START DATA SEGMENT
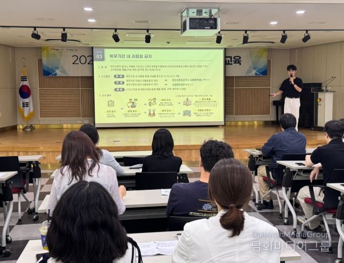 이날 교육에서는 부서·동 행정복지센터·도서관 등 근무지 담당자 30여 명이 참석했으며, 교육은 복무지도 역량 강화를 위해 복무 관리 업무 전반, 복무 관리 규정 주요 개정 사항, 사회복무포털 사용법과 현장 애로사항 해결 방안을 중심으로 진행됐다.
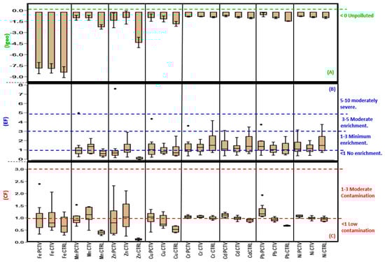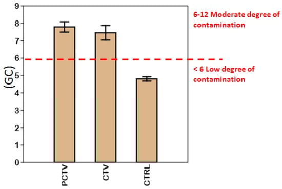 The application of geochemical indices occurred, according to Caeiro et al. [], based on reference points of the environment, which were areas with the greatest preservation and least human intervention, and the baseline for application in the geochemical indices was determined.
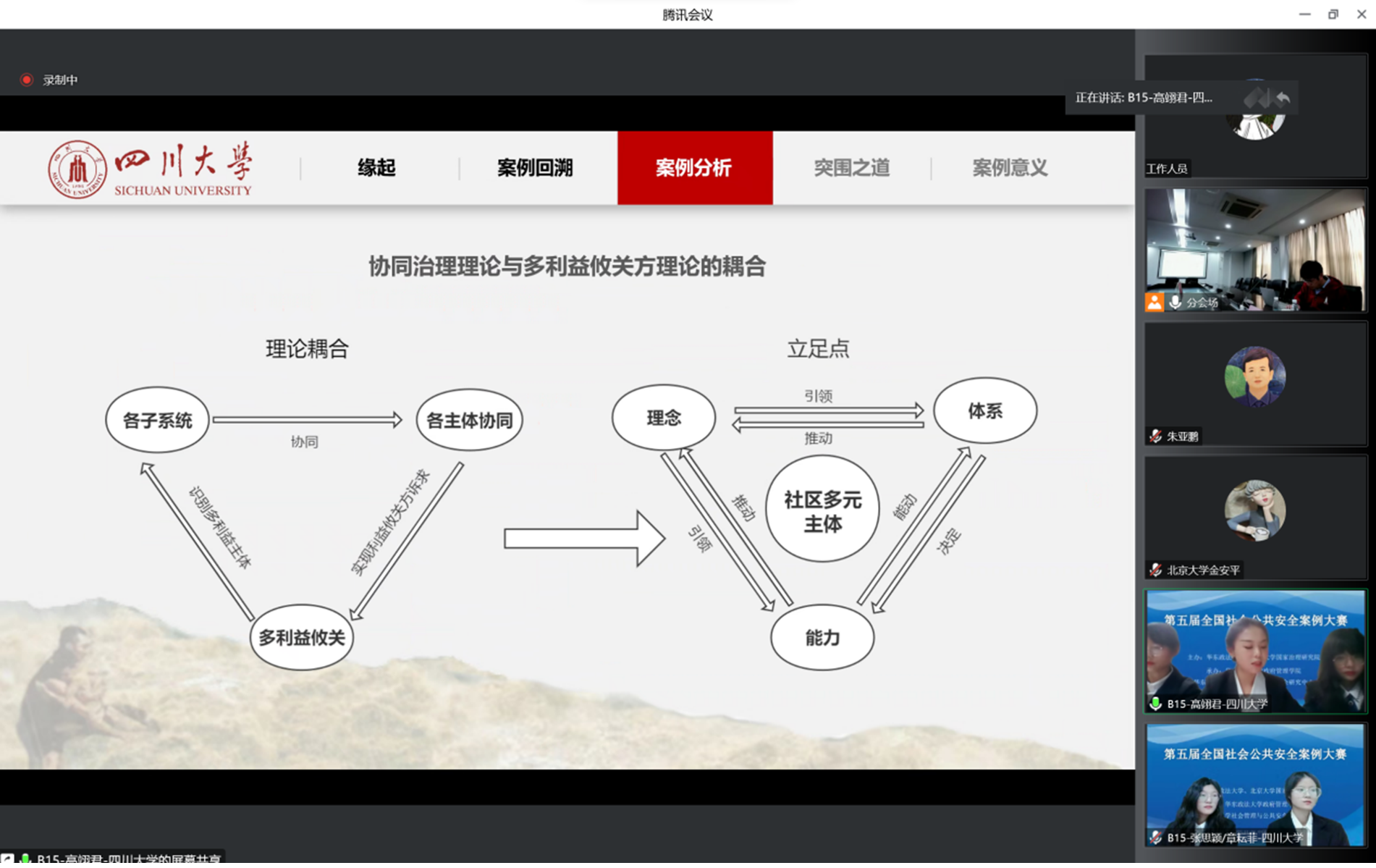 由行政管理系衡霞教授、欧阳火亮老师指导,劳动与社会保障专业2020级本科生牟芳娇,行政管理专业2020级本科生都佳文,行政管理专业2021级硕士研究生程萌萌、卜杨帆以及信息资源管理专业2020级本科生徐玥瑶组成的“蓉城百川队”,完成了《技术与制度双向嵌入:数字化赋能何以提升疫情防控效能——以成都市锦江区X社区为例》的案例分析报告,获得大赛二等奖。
END DATA SEGMENT
*TASK GOAL:* All of the material is to be reproduced verbatim, pictures excluded.

*TASK OUTPUT:*
 이날 교육에서는 부서·동 행정복지센터·도서관 등 근무지 담당자 30여 명이 참석했으며, 교육은 복무지도 역량 강화를 위해 복무 관리 업무 전반, 복무 관리 규정 주요 개정 사항, 사회복무포털 사용법과 현장 애로사항 해결 방안을 중심으로 진행됐다.
 The application of geochemical indices occurred, according to Caeiro et al. [], based on reference points of the environment, which were areas with the greatest preservation and least human intervention, and the baseline for application in the geochemical indices was determined.
 由行政管理系衡霞教授、欧阳火亮老师指导,劳动与社会保障专业2020级本科生牟芳娇,行政管理专业2020级本科生都佳文,行政管理专业2021级硕士研究生程萌萌、卜杨帆以及信息资源管理专业2020级本科生徐玥瑶组成的“蓉城百川队”,完成了《技术与制度双向嵌入:数字化赋能何以提升疫情防控效能——以成都市锦江区X社区为例》的案例分析报告,获得大赛二等奖。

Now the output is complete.